Problem description:
All of the data must be output without alteration.

**********

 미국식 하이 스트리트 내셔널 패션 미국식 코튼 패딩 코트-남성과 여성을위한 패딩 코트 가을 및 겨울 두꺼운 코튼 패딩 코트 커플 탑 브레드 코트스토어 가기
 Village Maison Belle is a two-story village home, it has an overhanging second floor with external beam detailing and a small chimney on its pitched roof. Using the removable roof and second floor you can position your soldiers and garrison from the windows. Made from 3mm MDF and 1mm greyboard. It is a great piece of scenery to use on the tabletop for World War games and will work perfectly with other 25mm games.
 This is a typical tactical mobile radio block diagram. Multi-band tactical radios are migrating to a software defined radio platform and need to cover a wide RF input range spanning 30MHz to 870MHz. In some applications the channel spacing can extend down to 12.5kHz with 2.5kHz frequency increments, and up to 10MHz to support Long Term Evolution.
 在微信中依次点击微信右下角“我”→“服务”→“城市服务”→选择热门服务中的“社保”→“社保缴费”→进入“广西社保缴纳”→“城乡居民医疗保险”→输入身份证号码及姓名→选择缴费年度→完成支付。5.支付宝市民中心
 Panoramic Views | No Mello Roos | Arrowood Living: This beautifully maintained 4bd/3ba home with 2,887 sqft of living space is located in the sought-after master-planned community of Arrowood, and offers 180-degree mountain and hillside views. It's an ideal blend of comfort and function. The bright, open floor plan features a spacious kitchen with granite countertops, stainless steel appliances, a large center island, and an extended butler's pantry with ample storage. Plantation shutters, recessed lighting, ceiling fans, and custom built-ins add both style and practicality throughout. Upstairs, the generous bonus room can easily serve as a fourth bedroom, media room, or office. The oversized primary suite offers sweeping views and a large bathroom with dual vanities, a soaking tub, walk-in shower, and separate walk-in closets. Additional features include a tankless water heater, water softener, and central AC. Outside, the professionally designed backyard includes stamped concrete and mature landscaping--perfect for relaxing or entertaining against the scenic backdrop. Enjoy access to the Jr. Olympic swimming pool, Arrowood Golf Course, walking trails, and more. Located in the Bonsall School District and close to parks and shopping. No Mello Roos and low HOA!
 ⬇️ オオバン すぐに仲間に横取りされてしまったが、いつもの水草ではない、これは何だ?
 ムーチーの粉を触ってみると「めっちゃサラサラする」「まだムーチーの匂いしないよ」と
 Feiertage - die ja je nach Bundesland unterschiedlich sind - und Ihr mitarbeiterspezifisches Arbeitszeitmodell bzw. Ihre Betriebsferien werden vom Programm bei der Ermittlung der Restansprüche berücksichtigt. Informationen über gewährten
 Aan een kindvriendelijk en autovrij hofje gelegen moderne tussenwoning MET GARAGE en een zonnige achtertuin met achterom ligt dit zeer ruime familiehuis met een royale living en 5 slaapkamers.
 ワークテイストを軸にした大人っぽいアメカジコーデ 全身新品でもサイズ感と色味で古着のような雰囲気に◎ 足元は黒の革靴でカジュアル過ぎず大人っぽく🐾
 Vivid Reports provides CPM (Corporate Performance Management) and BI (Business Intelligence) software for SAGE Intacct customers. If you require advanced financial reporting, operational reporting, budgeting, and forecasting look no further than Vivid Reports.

**********

Task response:
 미국식 하이 스트리트 내셔널 패션 미국식 코튼 패딩 코트-남성과 여성을위한 패딩 코트 가을 및 겨울 두꺼운 코튼 패딩 코트 커플 탑 브레드 코트스토어 가기
 Village Maison Belle is a two-story village home, it has an overhanging second floor with external beam detailing and a small chimney on its pitched roof. Using the removable roof and second floor you can position your soldiers and garrison from the windows. Made from 3mm MDF and 1mm greyboard. It is a great piece of scenery to use on the tabletop for World War games and will work perfectly with other 25mm games.
 This is a typical tactical mobile radio block diagram. Multi-band tactical radios are migrating to a software defined radio platform and need to cover a wide RF input range spanning 30MHz to 870MHz. In some applications the channel spacing can extend down to 12.5kHz with 2.5kHz frequency increments, and up to 10MHz to support Long Term Evolution.
 在微信中依次点击微信右下角“我”→“服务”→“城市服务”→选择热门服务中的“社保”→“社保缴费”→进入“广西社保缴纳”→“城乡居民医疗保险”→输入身份证号码及姓名→选择缴费年度→完成支付。5.支付宝市民中心
 Panoramic Views | No Mello Roos | Arrowood Living: This beautifully maintained 4bd/3ba home with 2,887 sqft of living space is located in the sought-after master-planned community of Arrowood, and offers 180-degree mountain and hillside views. It's an ideal blend of comfort and function. The bright, open floor plan features a spacious kitchen with granite countertops, stainless steel appliances, a large center island, and an extended butler's pantry with ample storage. Plantation shutters, recessed lighting, ceiling fans, and custom built-ins add both style and practicality throughout. Upstairs, the generous bonus room can easily serve as a fourth bedroom, media room, or office. The oversized primary suite offers sweeping views and a large bathroom with dual vanities, a soaking tub, walk-in shower, and separate walk-in closets. Additional features include a tankless water heater, water softener, and central AC. Outside, the professionally designed backyard includes stamped concrete and mature landscaping--perfect for relaxing or entertaining against the scenic backdrop. Enjoy access to the Jr. Olympic swimming pool, Arrowood Golf Course, walking trails, and more. Located in the Bonsall School District and close to parks and shopping. No Mello Roos and low HOA!
 ⬇️ オオバン すぐに仲間に横取りされてしまったが、いつもの水草ではない、これは何だ?
 ムーチーの粉を触ってみると「めっちゃサラサラする」「まだムーチーの匂いしないよ」と
 Feiertage - die ja je nach Bundesland unterschiedlich sind - und Ihr mitarbeiterspezifisches Arbeitszeitmodell bzw. Ihre Betriebsferien werden vom Programm bei der Ermittlung der Restansprüche berücksichtigt. Informationen über gewährten
 Aan een kindvriendelijk en autovrij hofje gelegen moderne tussenwoning MET GARAGE en een zonnige achtertuin met achterom ligt dit zeer ruime familiehuis met een royale living en 5 slaapkamers.
 ワークテイストを軸にした大人っぽいアメカジコーデ 全身新品でもサイズ感と色味で古着のような雰囲気に◎ 足元は黒の革靴でカジュアル過ぎず大人っぽく🐾
 Vivid Reports provides CPM (Corporate Performance Management) and BI (Business Intelligence) software for SAGE Intacct customers. If you require advanced financial reporting, operational reporting, budgeting, and forecasting look no further than Vivid Reports.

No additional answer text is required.